İkinci yarıda da durum pek farklı değildi. Fenerbahçe top çevirdi, denedi, zorladı ama olmadı. Gereken verimliliği sağlayamadı. Elbette bu durumun eleştirilecek yanları var ama aynı zamanda bu verim düşüklüğü çok da normal. Kağıt üstünde kolay görünen bu tip maçlar rakibin oyun anlayışına göre son derece zorlu olabilir. Fenerbahçe bu sınavdan da galibiyetle ayrılarak psikolojik olarak zayıf olduğu zamanlarda da kazanabilme kabiliyeti gösterebileceğini ispat etti. Bu da önemli bir adımdır. Fenerbahçe her hafta kazanırken yeni bir şeyler öğrenerek kazanıyor. Önümüzdeki hafta da yeni bir şeyler öğreneceği kesin ama bu defa kazanabilir mi burası meçhul. Bu defa hem moral hem de fizik olarak iyi durumda olan bir Gençlerbirliği takımıyla deplasmanda oynayacaklar.

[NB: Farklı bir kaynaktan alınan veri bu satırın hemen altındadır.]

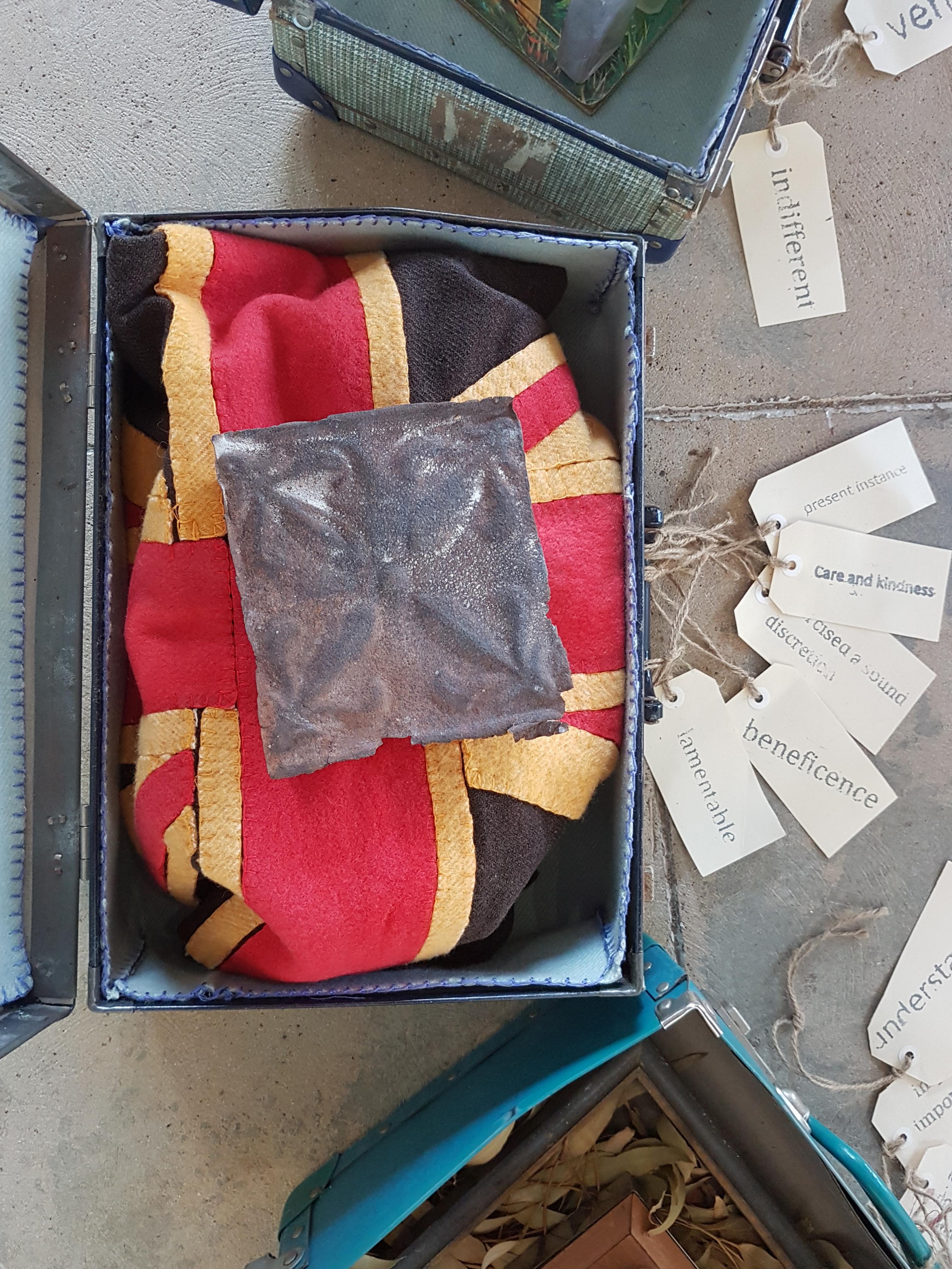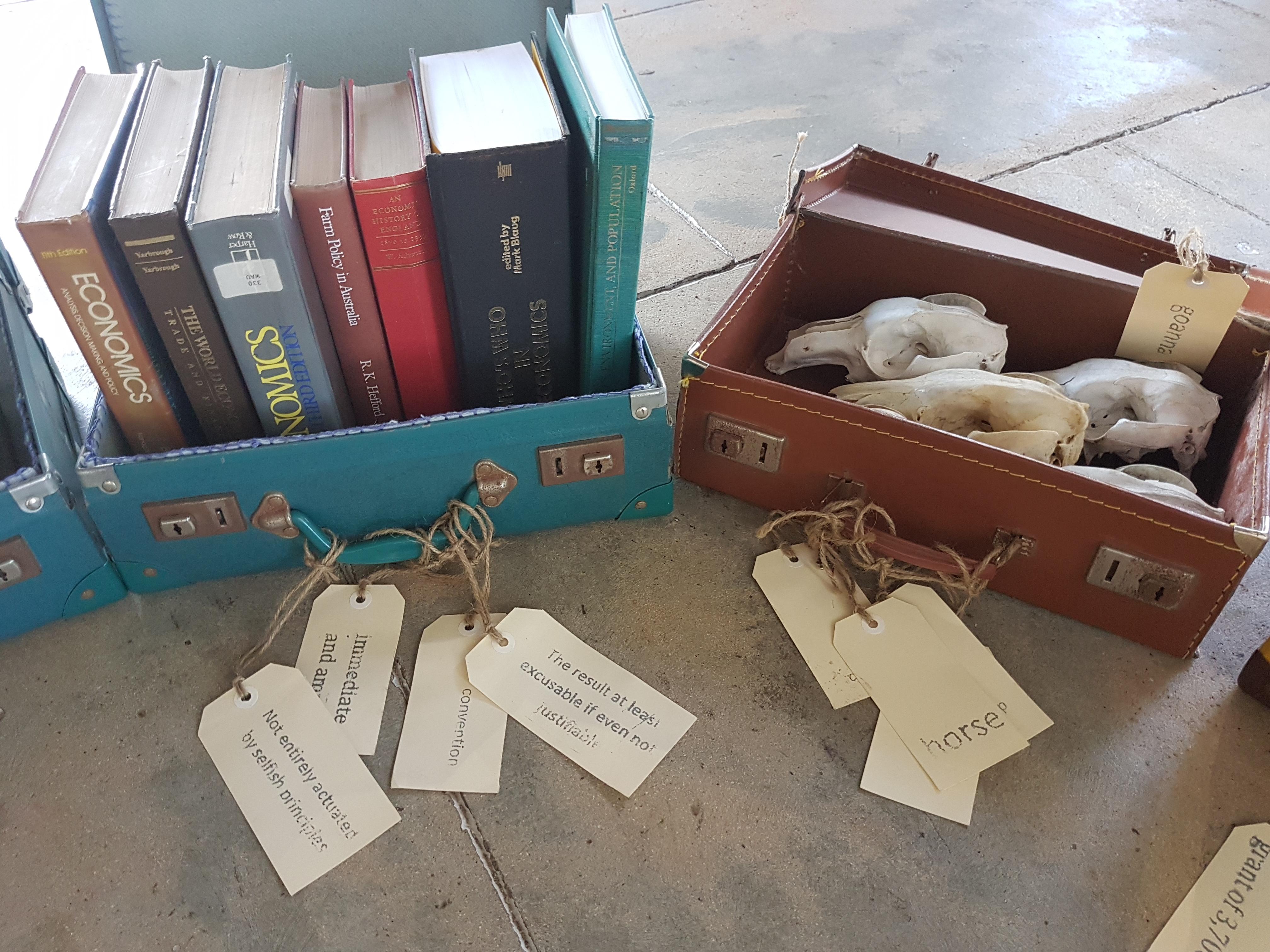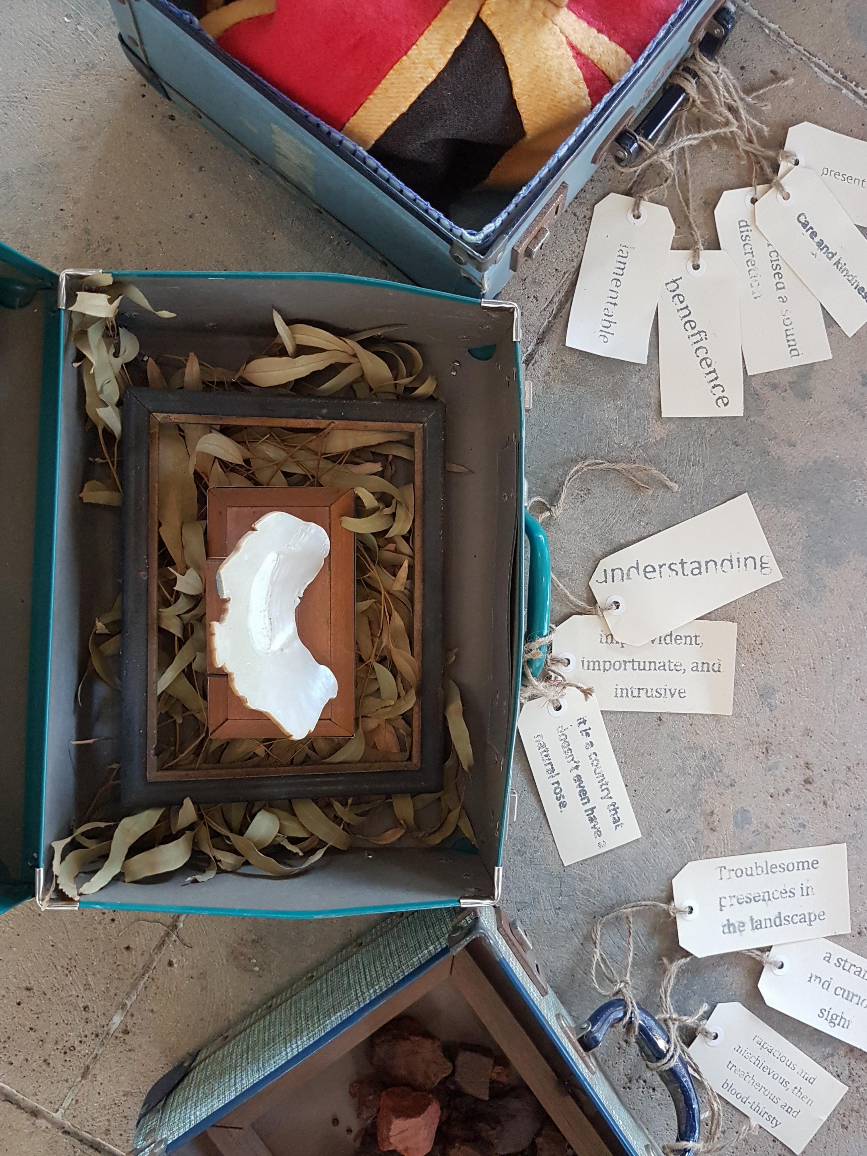 Words create impressions, uphold expectations and have the ability to influence how we think and live. This installation explores the power of words and their juxtaposition with certain objects to give context and uphold a particular perspective. The individual words have been taken from West Australian Archives of early colonial documents and the Bussell family diaries affirming a particular (paternalistic/colonial) attitude. In terms of contemporary use, some are still used to sustain a similar privileged viewpoint in spite of the passage of time since colonisation.

Ankara’dan acı bir dersle geri dönülmesi olasılıklar dahilinde ancak elbette bu yolun sonu anlamına gelmez.

Önümüzdeki haftalarda Fenerbahçe’yi ancak Fenerbahçe’nin kolay hale getirebileceği maçlar bekliyor. Kimse ‘’buyur defansımın arkasına sark’’ demeyecektir. Takımın direncinin yüksekte olması ve kanat oyuncularının daha verimli olması gerekiyor. Bu şekilde Galatasaray maçına kadar kazanarak giderlerse ilerleyen haftalar için önemli bir avantaj elde edilmiş olur.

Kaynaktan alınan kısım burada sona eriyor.